Brief regering : Evaluatie Crisisbeheersing Watertekort 2018
27 625 Waterbeleid
Nr. 469
BRIEF VAN DE MINISTER VAN INFRASTRUCTUUR EN WATERSTAAT
Aan de Voorzitter van de Tweede Kamer der Staten-Generaal
Den Haag, 25 april 2019
In deze brief informeer ik uw Kamer over de resultaten van de «Evaluatie Crisisbeheersing
Watertekort 2018»1. De evaluatie gaat in op het functioneren van de crisisorganisatie voor waterbeheer
tijdens de droge zomer van 2018. Het betreft een procesevaluatie, de evaluatie heeft
geen betrekking op de tijdens de droogteperiode getroffen maatregelen. Met deze brief
geef ik tevens invulling aan de aangehouden motie van het lid Van Brenk (Kamerstuk
27 625, nr. 466). Eerder heb ik uw Kamer op 4 april jongstleden geïnformeerd over de eerste resultaten
van de Beleidstafel Droogte, die gericht zijn op het oplossen van urgente vraagstukken
voor het aankomende droogteseizoen, waaronder de verdringingsreeks, grondwater, verzilting,
drinkwater en het beheer van het IJsselmeer (Kamerstuk 27 625, nr. 468).

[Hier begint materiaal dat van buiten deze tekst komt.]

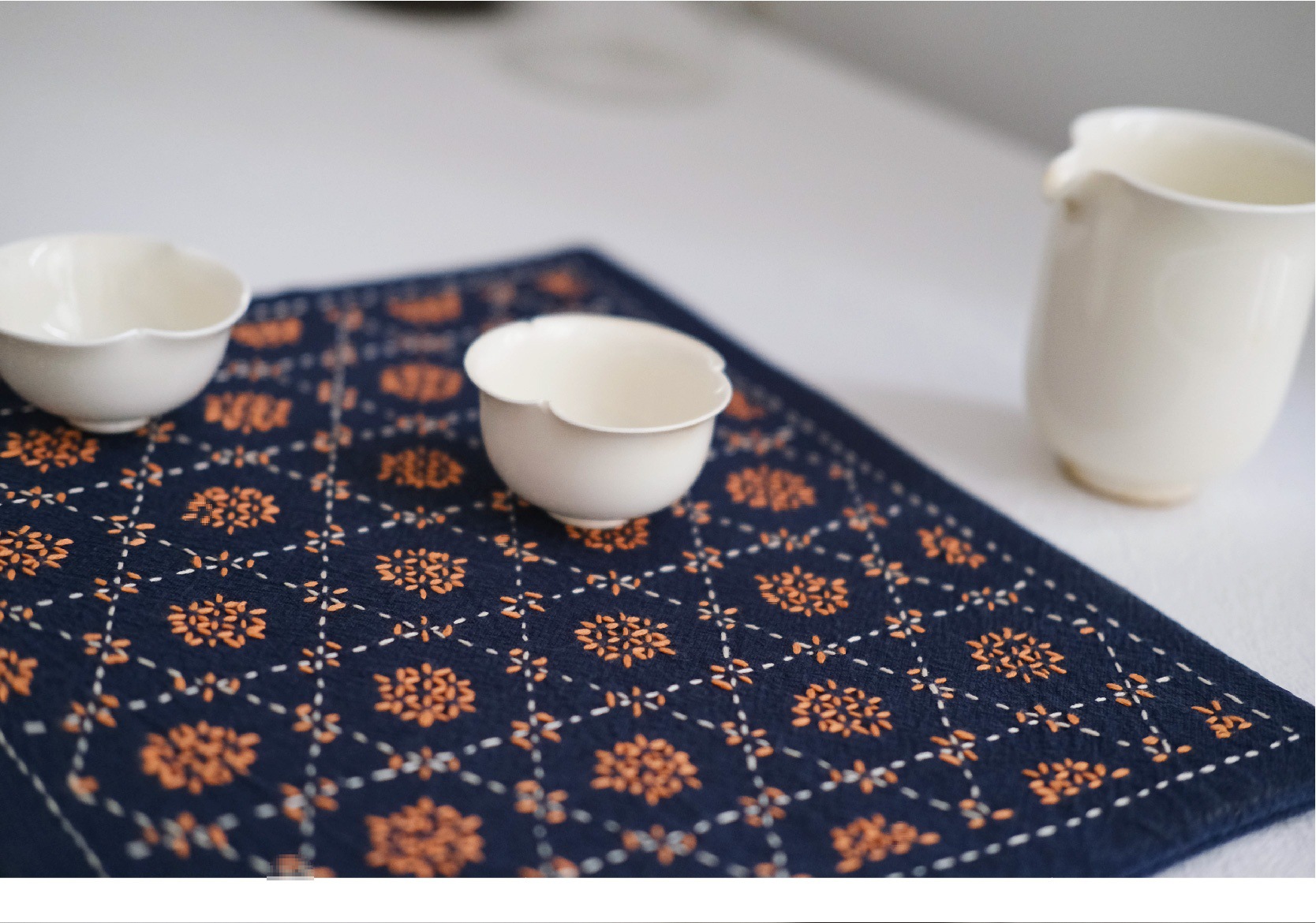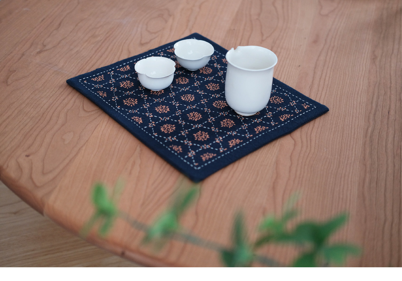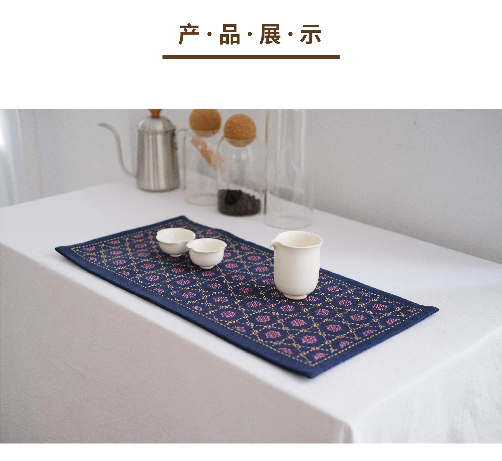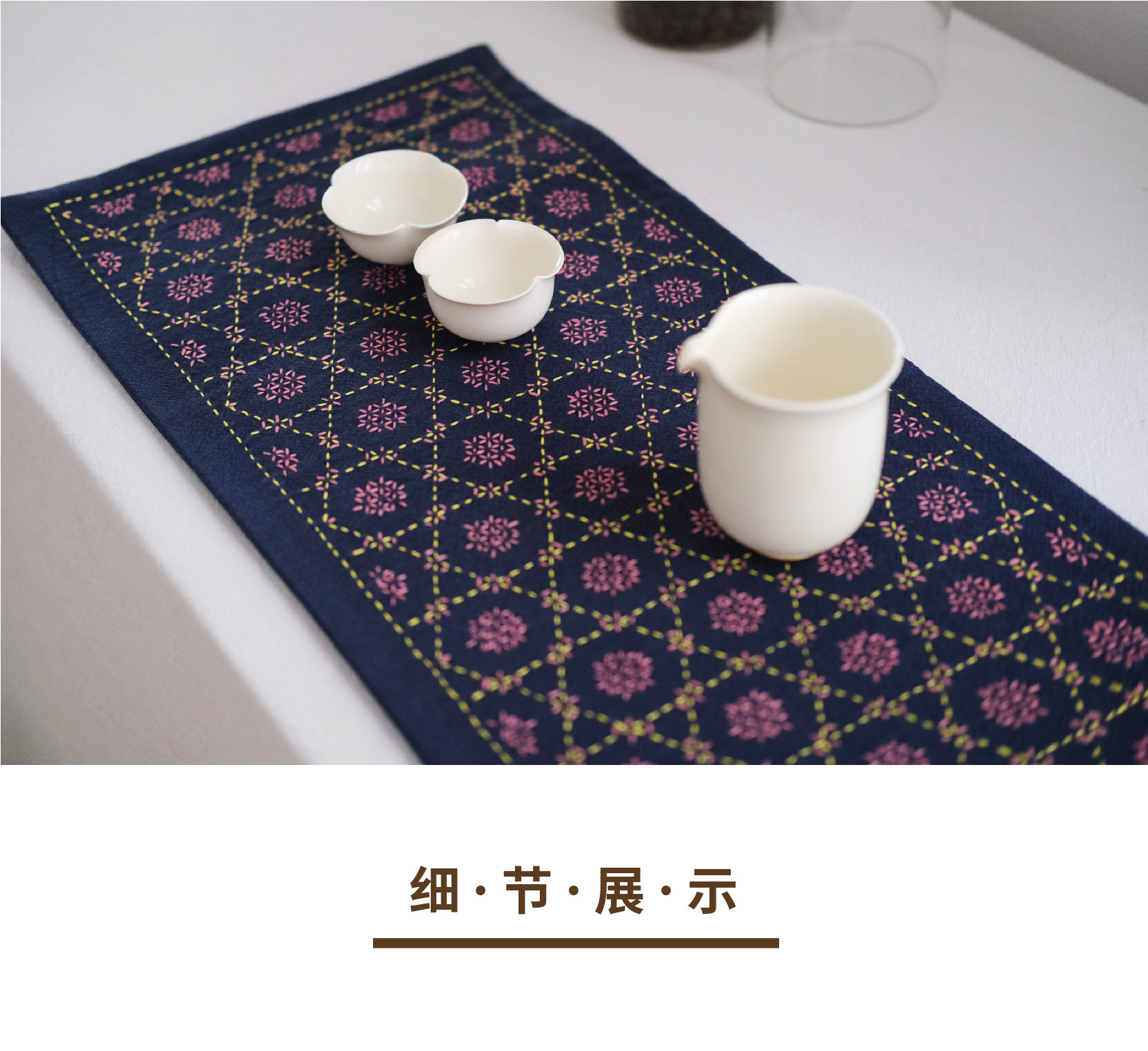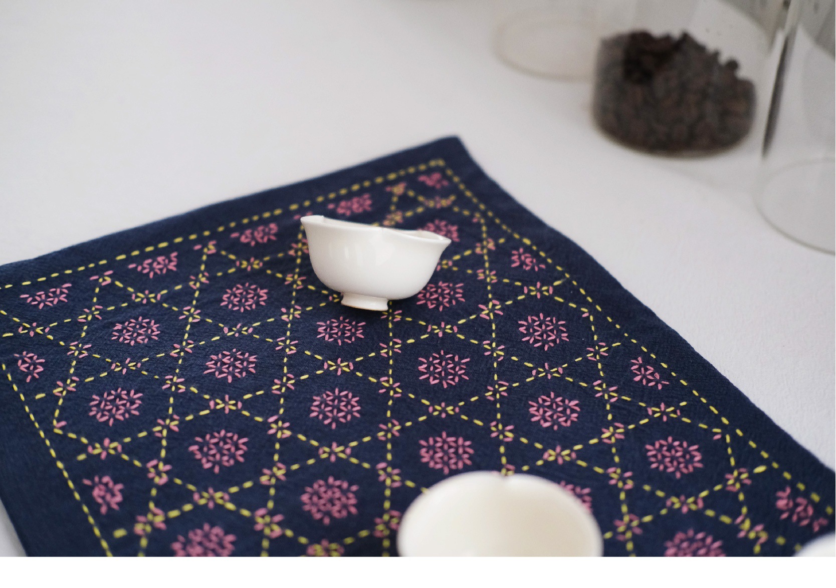 Chuangu 순수 수제 스티치 자수 차 매트 차 매트 일본식 테이블 매트 단열 매트 드라이 버블 홈 차 매트 다도 제로스토어 가기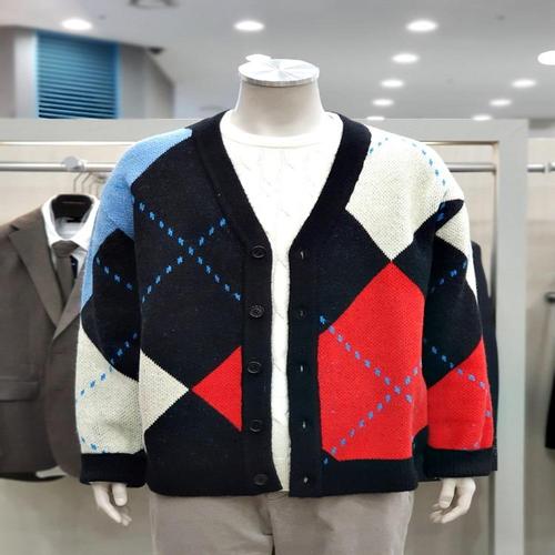 [팬텀]여성 아가일 패턴 브이넥 니트 가디건 MG_US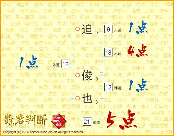 迫俊也さんの総運は21画の5点!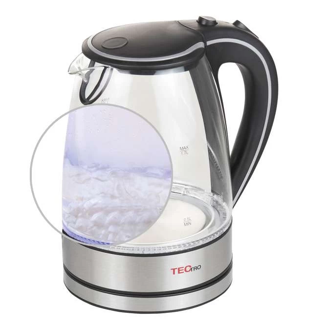 Der Glaswasserkocher WK 1506 von TecTro (1.850 – 2.200 Watt) hat einem Fassungsvermögen von ca. 1,7 Liter, LED-Beleuchtung und Überhitzungsschutz. Der 360 °-Sockel, das verdeckte Heizelement und der KSL-Controller runden die Vorteile dieses Kabellosen Wasserkochers ab.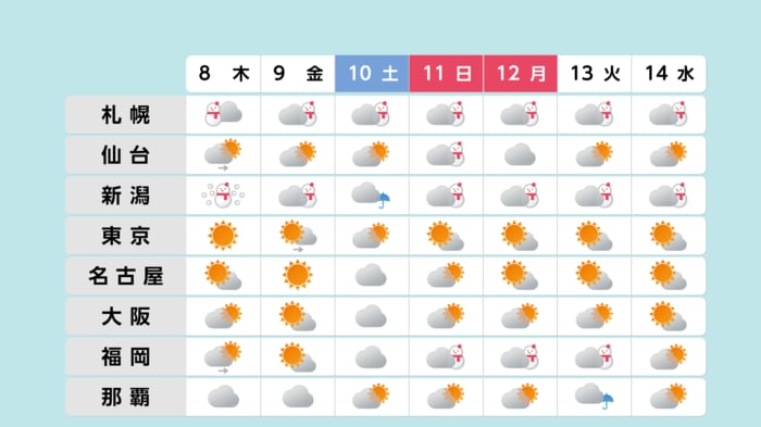 11日から12日にかけては晴れる太平洋側も含めて全国的に季節風が強まり、寒さも厳しくなる。
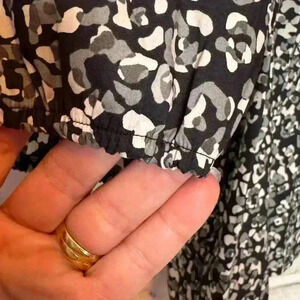 Talbots Shirt Size Large Womens Black Gray Leopard Print Top Ruffle Blou…
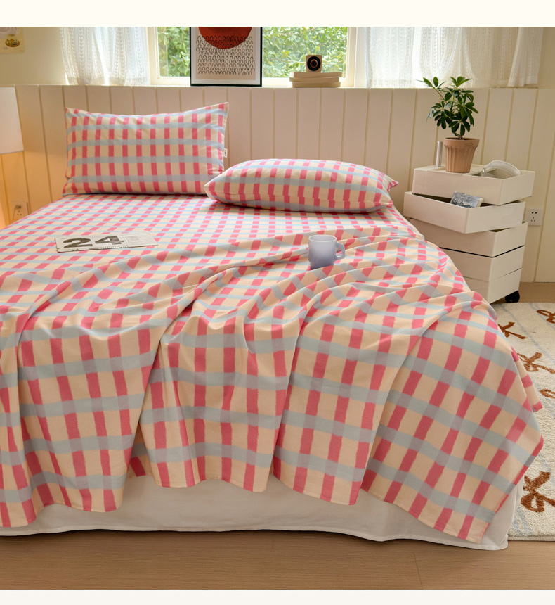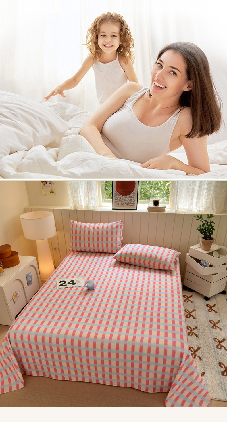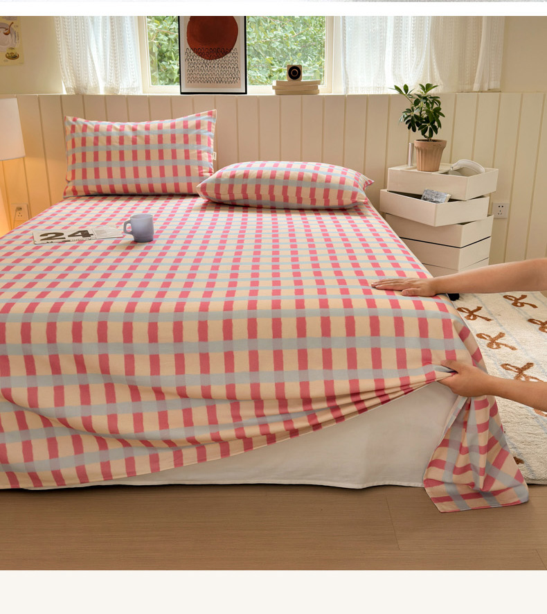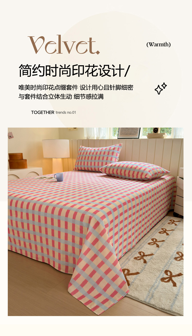 如意朵 2025新款时尚印花全棉加厚磨毛床单 艾格-粉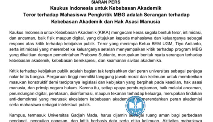"Teror terhadap Ketua BEM UGM dan intimidasi yang merembet ke keluarga merupakan bentuk nyata serangan terhadap kebebasan akademik, kebebasan berekspresi, dan keamanan sivitas akademika," tulis KIKA dalam Press Release yang dikeluarkan pada Kamis (19/2) lalu.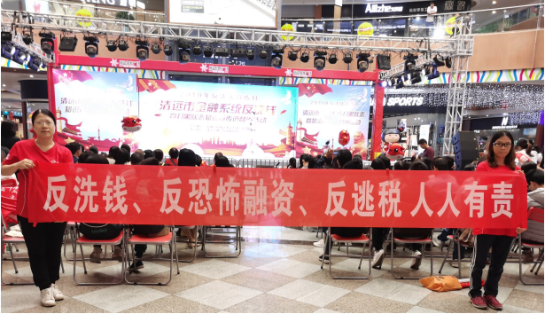 2019年11月17日上午,我公司指派2名工作人员参加了人民银行在清远市顺盈时代广场一期中庭舞台组织的“清远市金融系统反洗钱及扫黑除恶知识宣传进商圈活动”大型户外宣传。我公司工作人员积极参加现场的有奖问答等活动环节,向社会公众普及“三反”及扫黑除恶知识,提升市民群众对反洗钱工作的认知度,营造坚决打击洗钱犯罪和黑恶势力犯罪的浓厚氛围。(友邦保险 曾颖娴)

De evaluatie concludeert dat de landelijke crisisorganisatie waterverdeling en droogte
tijdens de droogteperiode van 2018 succesvol en in goede samenwerking heeft geopereerd.
In combinatie met de eerste resultaten van de Beleidstafel Droogte concludeer ik dat
Nederland in 2018 goed was voorbereid op de droogte. Waar op het gebied van de concrete
maatregelen de inzet van de Klimaatbestendige Wateraanvoer (KWA) naar West-Nederland,
het flexibel peilbeheer in het IJsselmeer en Slim Watermanagement van de gezamenlijke
waterbeheerders goed bleken te werken, was ook de crisisorganisatie zelf goed voorbereid
op haar taak. Het «Landelijk Draaiboek Waterverdeling en Droogte» – het draaiboek
dat specifiek is opgesteld voor de beheersing van droogteperiodes – was volgens de
evaluatie hierin richtinggevend.
De evaluatie is in de periode van januari tot en met maart 2019 uitgevoerd door een
samenwerkingsverband van Berenschot en Arcadis en heeft betrekking op de crisisbeheersing
tijdens de droogteperiode van 2018. Daarbij zijn ervaringen in kaart gebracht en is
gekeken naar de volgende documenten: het Landelijk Draaiboek Waterverdeling en Droogte,
het Handboek Crisisbeheersing IenW en het Nationaal Handboek Crisisbesluitvorming.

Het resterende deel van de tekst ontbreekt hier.